What you should do: Copy only those lines which run from the line containing "实验室综合管理平台,登陆完成后进入仪器预约项目。" to the end of the entries below, both inclusive, exactly as written and with no pictures.
----- Extracted material -----
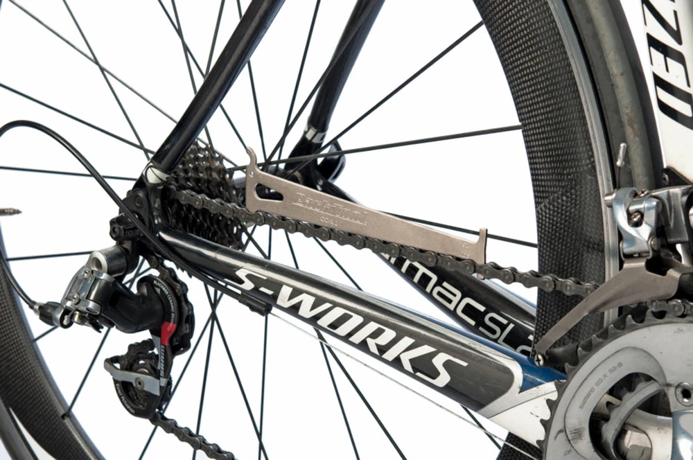 Une chaîne usée provoque un mauvais changement de vitesse et réduit considérablement la durée de vie des pignons. La jauge d’usure Park Tool CC-3.2 indique précisément si une chaîne est encore dans la tolérance d’allongement de 0,5 % (pour les chaînes à 9 et 10 vitesses) ou de 0,75 % (pour les chaînes à 11 et 12 vitesses) – les valeurs auxquelles la plupart des fabricants recommandent de changer la chaîne.
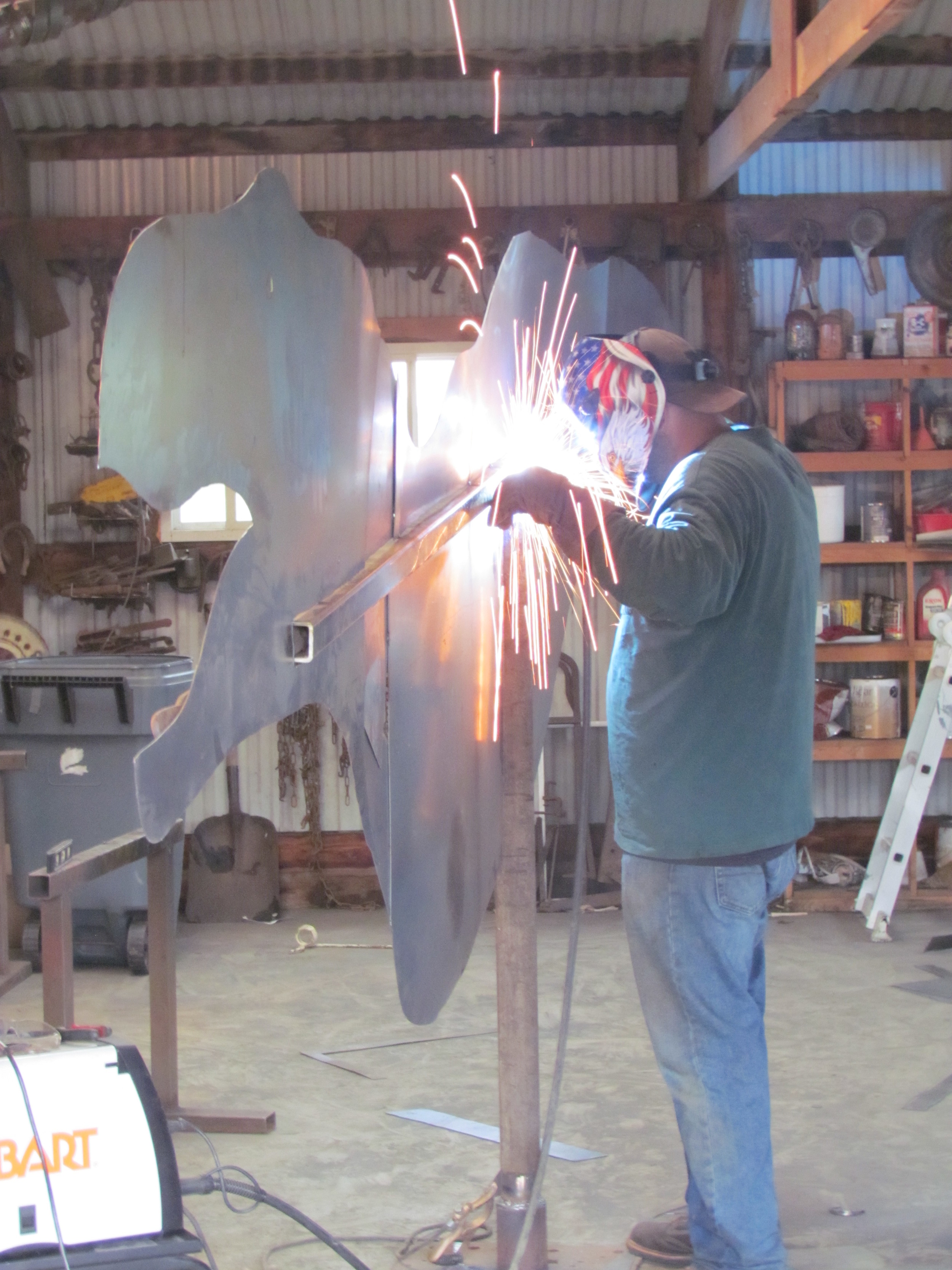 Sparks fly in the shop during the construction of a 13 foot long T-Rex.
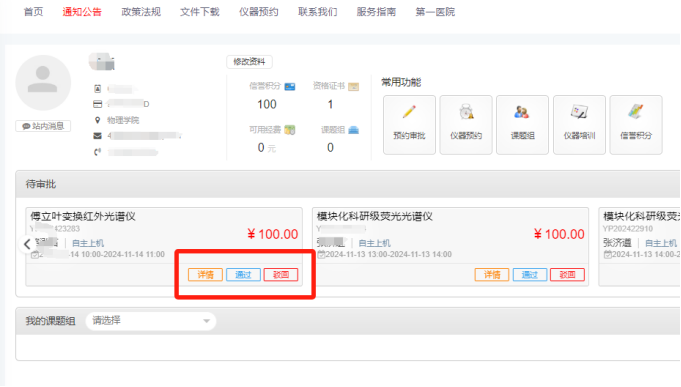 实验室综合管理平台,登陆完成后进入仪器预约项目。
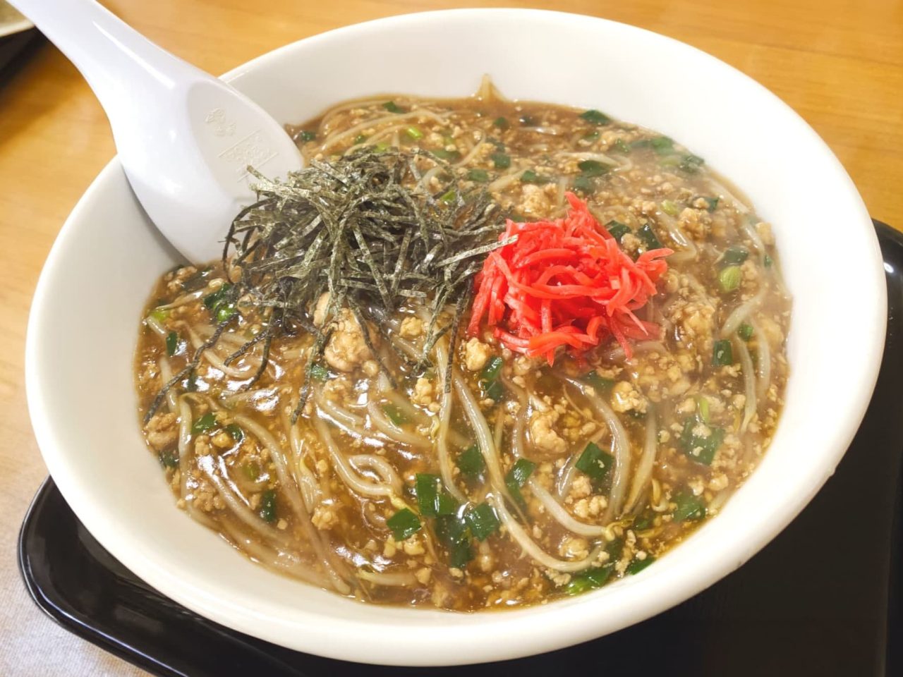 ひき肉ともやし、ニラがたっぷり入った餡はまろやかで、女性でも食べやすい一杯! 刻み海苔と紅ショウガを混ぜて食べるのが店主のおすすめ。ボリューム満点のチキンソテー定食やカツ定食も人気のお店です。
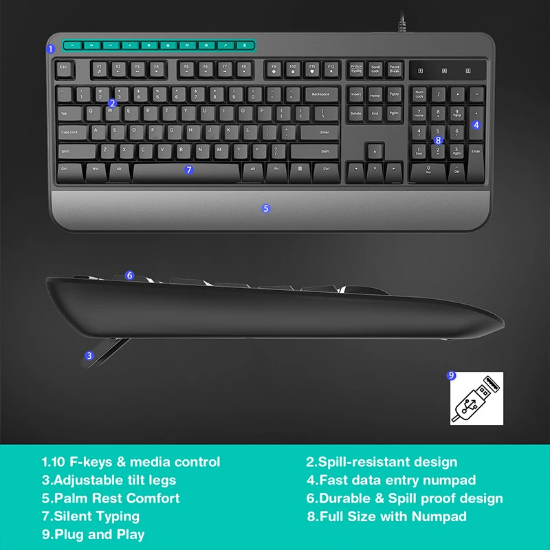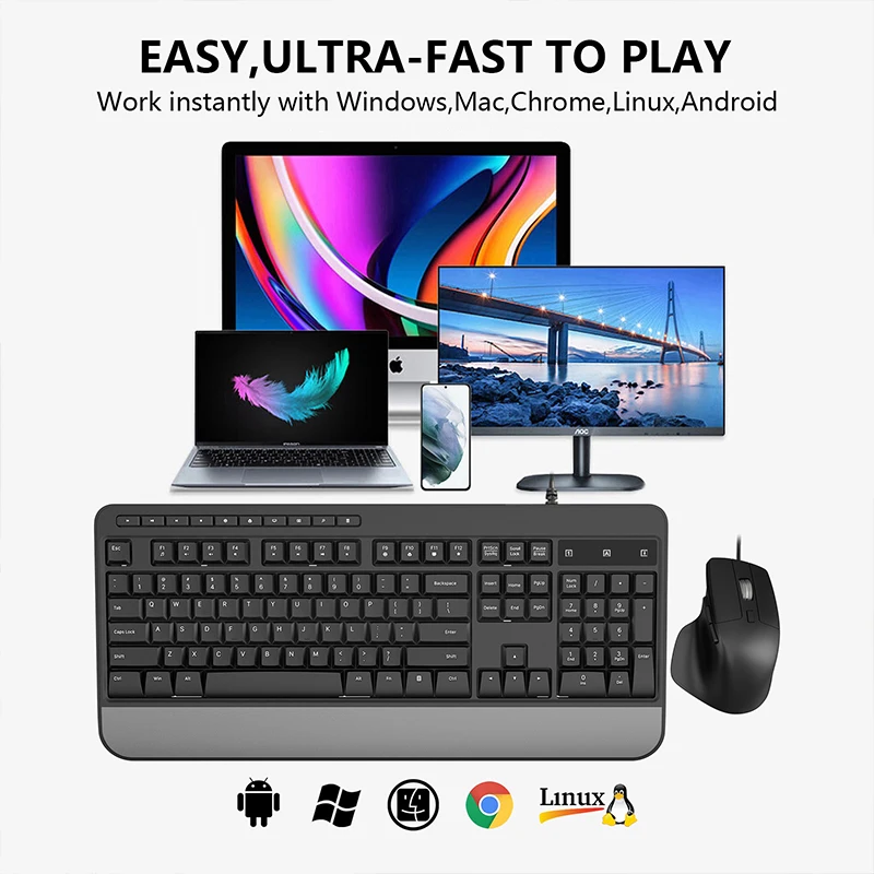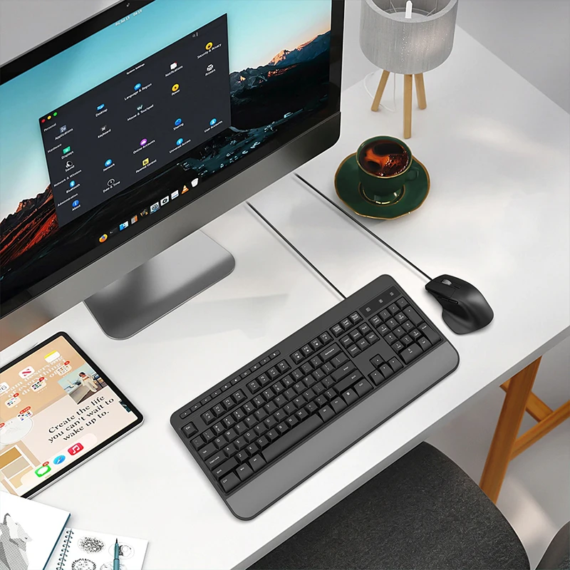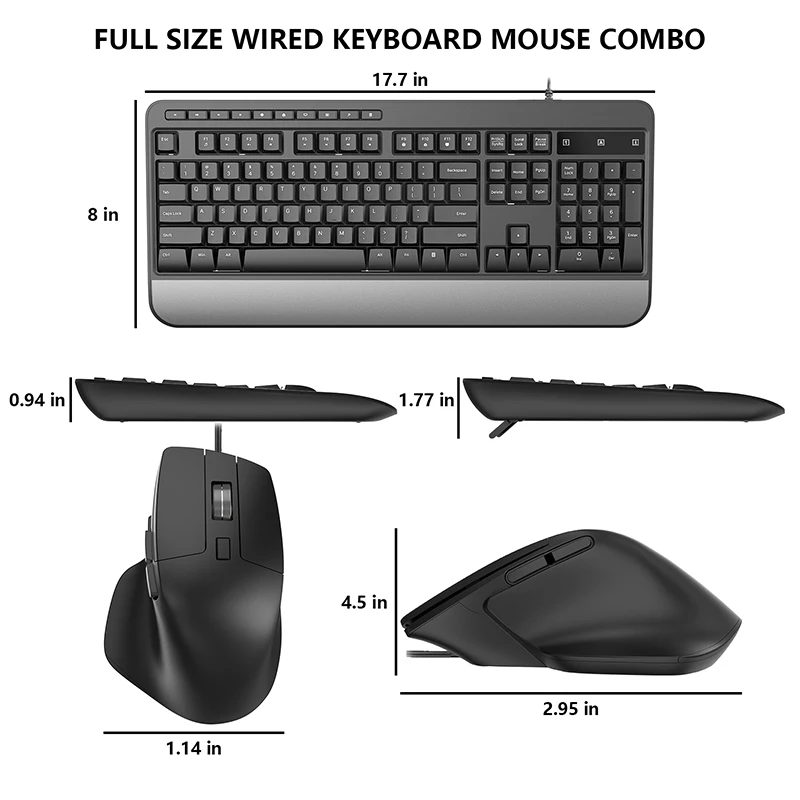 COUSO Wholesale Custom Office Computer Keyboard and Mouse Ergonomic Full-Sized Ergonomic Wired Keyboard and Mouse Combo
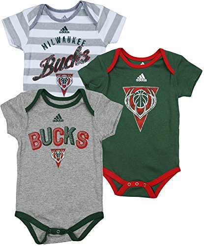 共有がチームを小さなお子様への愛をこのMilwaukee Bucks 3ピースのボディスーツセット。セットには、3つの異なる愛らしいクリーパー。NBAの公式ライセンス商品。赤ちゃんサイズです。
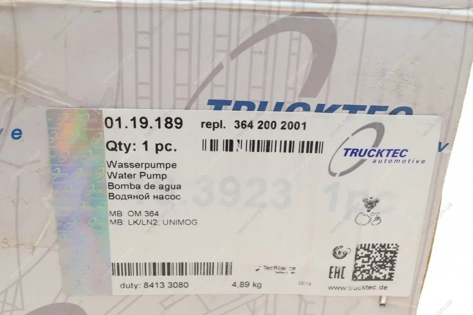 Насос водяний TRUCKTEC 01.19.189 (3642000101, 3642000901, 3642002001)
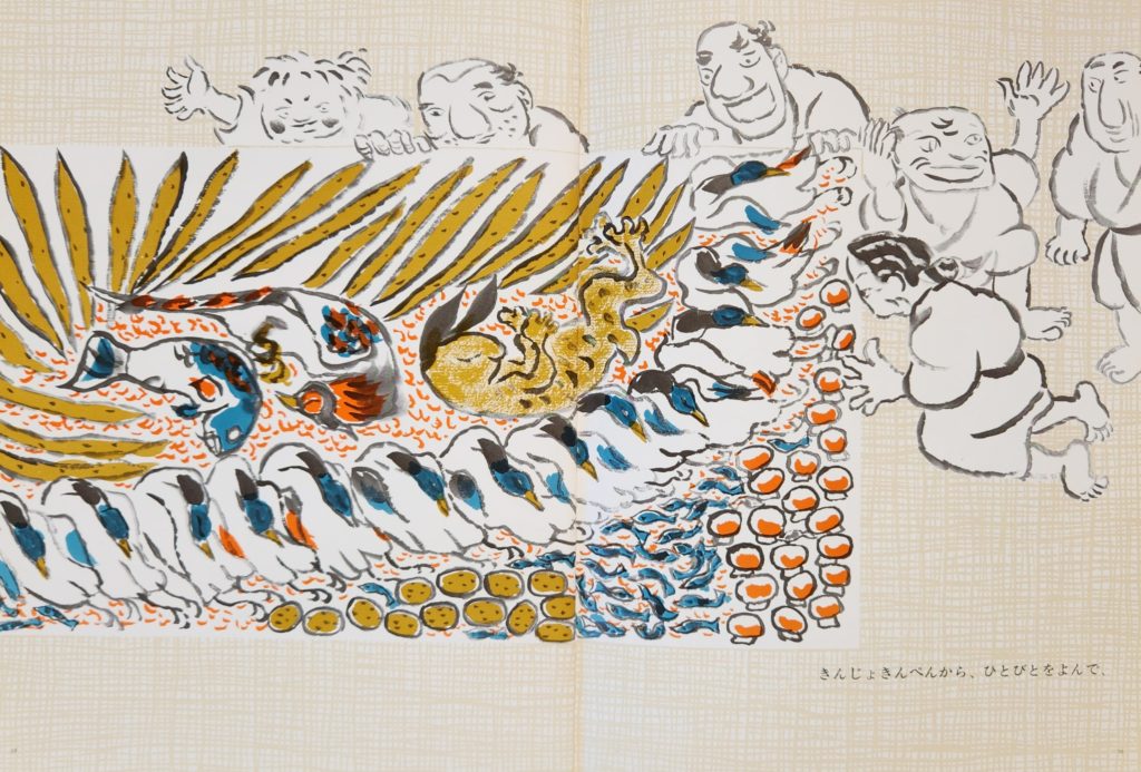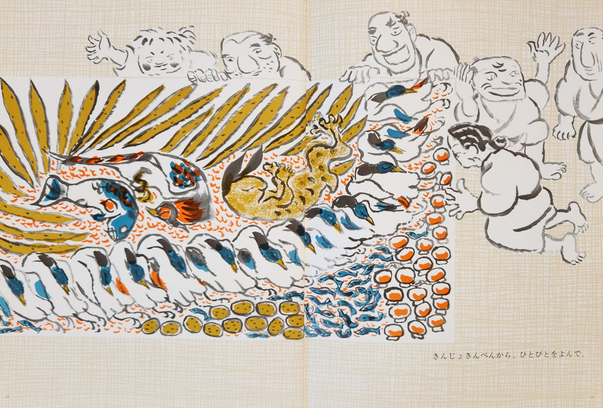 12羽のかも、15本の山芋、13個のたまご、33びきの鮒と、数に対する語り手の意識は、昔話に特徴のひとつです。また、オノマトペもいっぱいです。ガチン、すたすた、ぎしゃぎしゃ、ドガン、ばたばた、ぴしゃん、ずしりずしり、ごしゃごしゃ。オノマトペが、おはなしに彩りを添えています。
-----
The answer:
 实验室综合管理平台,登陆完成后进入仪器预约项目。
 ひき肉ともやし、ニラがたっぷり入った餡はまろやかで、女性でも食べやすい一杯! 刻み海苔と紅ショウガを混ぜて食べるのが店主のおすすめ。ボリューム満点のチキンソテー定食やカツ定食も人気のお店です。
 COUSO Wholesale Custom Office Computer Keyboard and Mouse Ergonomic Full-Sized Ergonomic Wired Keyboard and Mouse Combo
 共有がチームを小さなお子様への愛をこのMilwaukee Bucks 3ピースのボディスーツセット。セットには、3つの異なる愛らしいクリーパー。NBAの公式ライセンス商品。赤ちゃんサイズです。
 Насос водяний TRUCKTEC 01.19.189 (3642000101, 3642000901, 3642002001)
 12羽のかも、15本の山芋、13個のたまご、33びきの鮒と、数に対する語り手の意識は、昔話に特徴のひとつです。また、オノマトペもいっぱいです。ガチン、すたすた、ぎしゃぎしゃ、ドガン、ばたばた、ぴしゃん、ずしりずしり、ごしゃごしゃ。オノマトペが、おはなしに彩りを添えています。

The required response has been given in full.